This website is preserved for historical and scholarly reference and is no longer actively maintained.
 

High Performance Graphics Device Support for Linux

Since early 1997 NASA Ames has sponsored an investigation into the feasibility of supporting real-time 3-D graphics in a Linux / X-Windows environment.  An overview of the history of this project may be found here.
 

Present development efforts involve 3DLabs products: the mid-range Glint 500-TX and the entry-level Permedia 2.    A paper on this work,  presented  at this year's Linux Expo is available in both .ps and .pdf formats and describes the state of the project as of January 1999.

A reasonably functional Permedia/2 device driver and Mesa back-end accelerator now exist, but I can identify three remaining opportunities:

Complete some elements of missing functionality,  assemble a comprehensive test suite designed to evaluate functionality and reliability,  find and fix what is broken,  assemble another test suite designed to evaluate performance and conduct a thorough performance analysis on multiple platforms.

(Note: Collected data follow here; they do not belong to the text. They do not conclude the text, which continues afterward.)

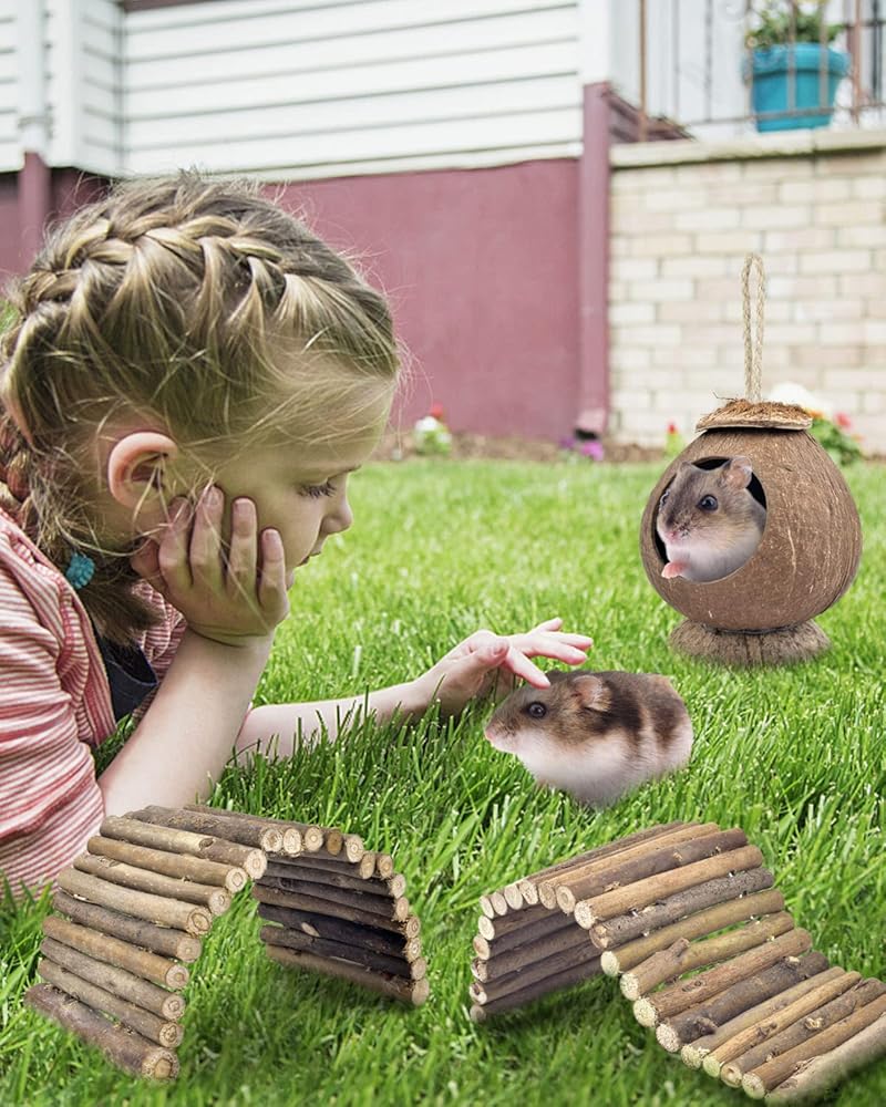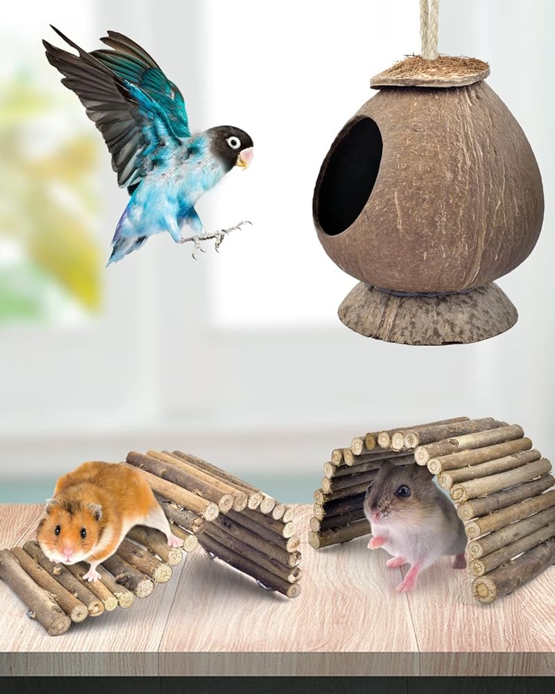 قائمة العبوة - مجموعة ألعاب الفئران المثالية تتضمن كوخ جوز الهند مع سلم، وجسر قابل للانحناء، ودراجة أحادية، وكرة الصفصاف، والأثقال، ومخروط الصنوبر، ولعبة مولار معلقة. يلبي الاحتياجات اليومية للهامستر واليربوع والفئران والفئران والهامستر السوري والهامستر القزم.
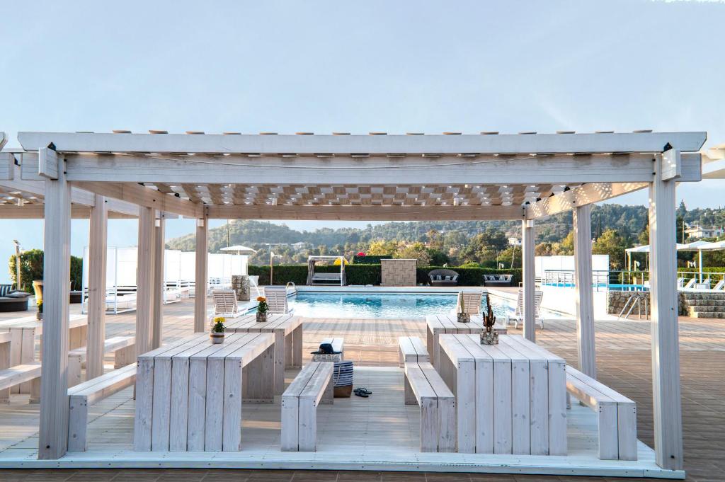 The Galaxy Hotel is the perfect retreat for anyone who wants to experience the Argolic Gulf's deep blue waves, the Mediterranean sun, and the Peloponnese's innumerable splendors with all of their senses. It is only 4 km from Porto Heli and features a private beach and a pool. Every room of the hotel has a refrigerator and a flat-screen television. There is a hair dryer in the private bathroom. Views of the sea are expansive from balconies. All day long, a selection of coffees, light snacks, and refreshing drinks is available at the poolside snack bar. The on-site restaurant and the poolside snack bar serve Greek and Mediterranean cuisine for lunch and evening. A children's playground and a basketball and tennis court are among the sports facilities. The Galaxy hotel in Porto Heli is 68 km from Nafplio, while the Ancient Theatre of Epidavros is 50 km away.
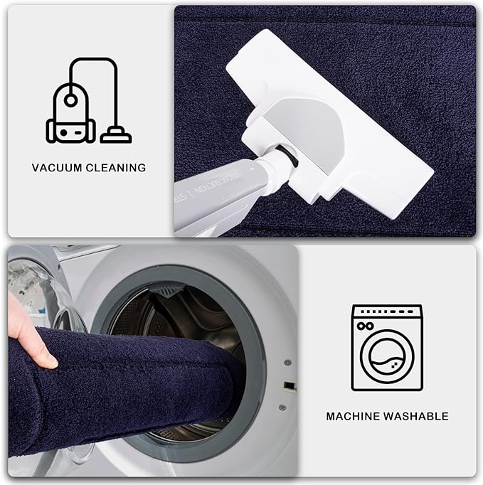 - EASY TO CLEAN: The stain and fade resistant polyester carpet surface can be easily clean by vacuuming. For a deeper clean, machine wash separately in cold water, using mild detergent. Tumble dry, low heat. Do not use bleach or fabric softener. Our door mat will not fade or wear out and will remain like new even after repeated washing.
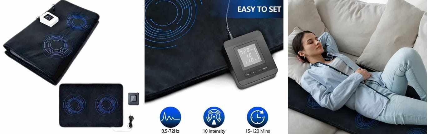 The Hi-Tech PEMF Package by PEMF-devices.com includes a whole-body PEMF mat and a pillow-sized PEMF Pad. The PEMF Mats feature a frequency range is from 0.5 to 72 Hz with adjustable intensity (up to 22 Gauss) and timer. They are simple to use and sturdy yet comfortable with velvet PU leather, which will serve you well for years to come.
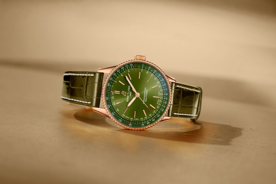 ナビタイマー オートマチック 36は、グリーンダイヤルとマッチするカラーの計算尺外周を組み合わせた、統一感のあるワントーンのフェイスに仕上げられています。時刻表示のみの自動巻きブライトリング キャリバー 17を搭載しています。ミッドサイズの36mmケース径は、すっきりとした時刻表示のみのレイアウトで、小ぶりな時計を好む方にとって理想的なバランスを実現しています。
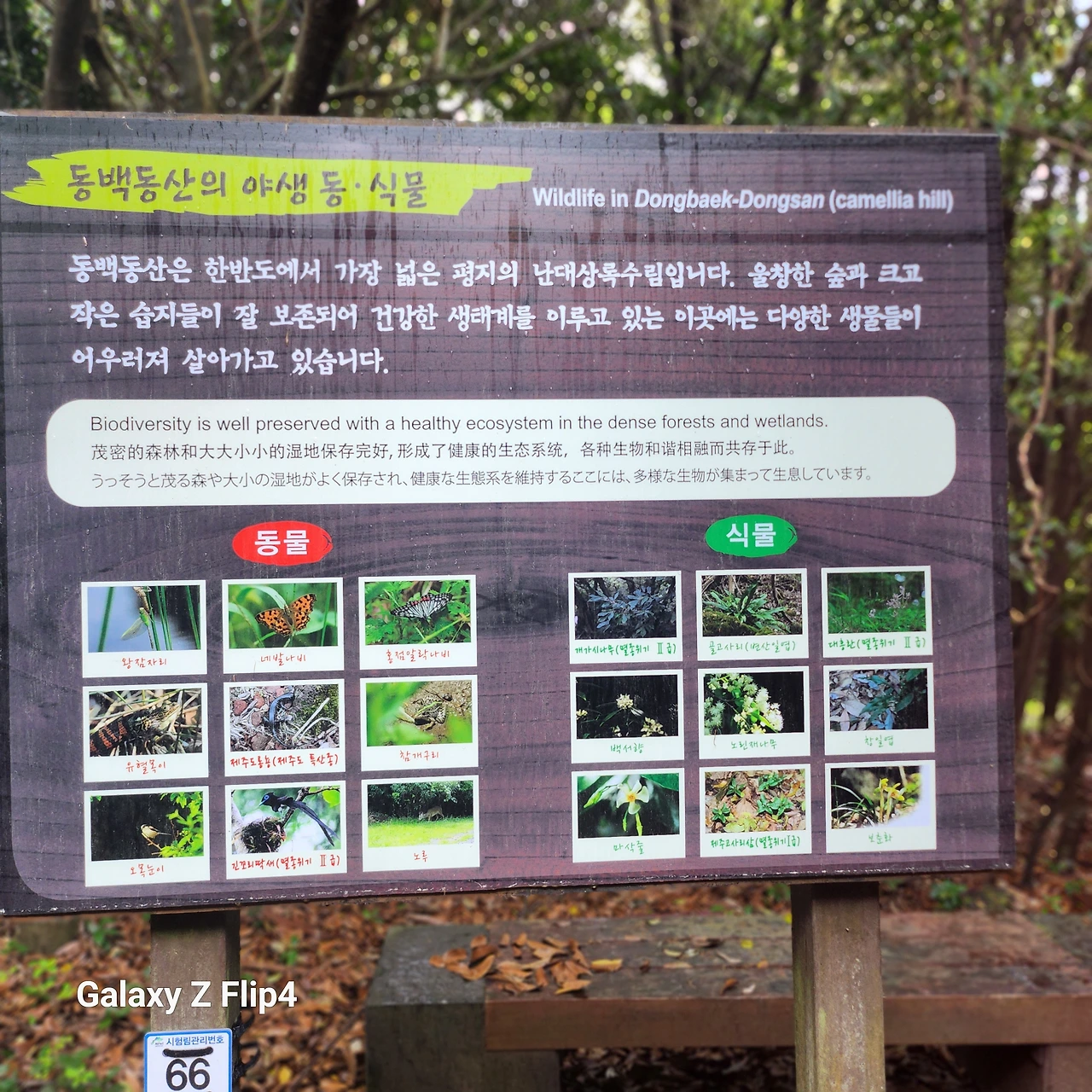 4월 26일 금요일 제주한달살이 26일 차. 비가 오다가 멈추다가 옷 버릴 만큼 내렸지만 우리는 숙소를 나섰다. 목표지는 조천읍 건흘리에 위치한 [동백동산]과 조천읍 비자림로에 위치한 [산굼부리]다.

The driver presently supports double buffering using a method known as video page flipping.  This method is thought to provide the highest performance but introduces some complications when interoperating with software such as XFree86 which presently uses only a single buffer.   An alternative approach to double buffering (which is used by Precision Insight) is to employ BLTs to copy from the rendering buffer to the visible buffer on a buffer swap.   This project requires implementation and performance testing of BLT based double buffering.

The AGP extensions to the PCI bus architecture claim to provide excellent support for rendering texture maps with the texture being resident in main memory (as opposed to being downloaded to local memory on the Graphics Adapter.   The Permedia/2 supports this mode of operation but the device driver presently does not.   Thus the objective of this project is to add support for Main Memory textures and compare the rendering performance to that achieved with local memory textures.